→ ASSIGNMENT
Your response should consist of the entire listing, transcribed exactly, with every image left out.

→ GIVEN INFORMATION

━━━━━━

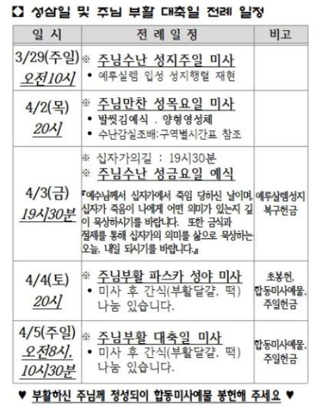 성삼일 및 주님 부활 대축일 전례 일정
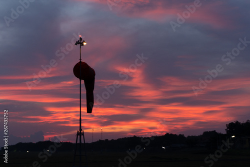 Wind sock under at the dawn under the red orange glowing sky with cirrus and cumulus clouds
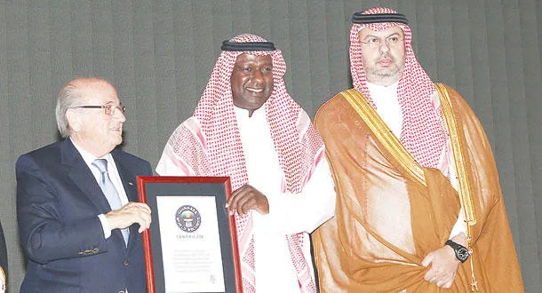 وقدم الأمير عبد الله بن مساعد وبلاتر شهادة موسوعة «غينيس ريكوردز» للأرقام القياسية لنجم كرة القدم السعودي الدولي السابق ماجد عبد الله.

━━━━━━

→ WRITTEN ANSWER
 성삼일 및 주님 부활 대축일 전례 일정
 Wind sock under at the dawn under the red orange glowing sky with cirrus and cumulus clouds
 وقدم الأمير عبد الله بن مساعد وبلاتر شهادة موسوعة «غينيس ريكوردز» للأرقام القياسية لنجم كرة القدم السعودي الدولي السابق ماجد عبد الله.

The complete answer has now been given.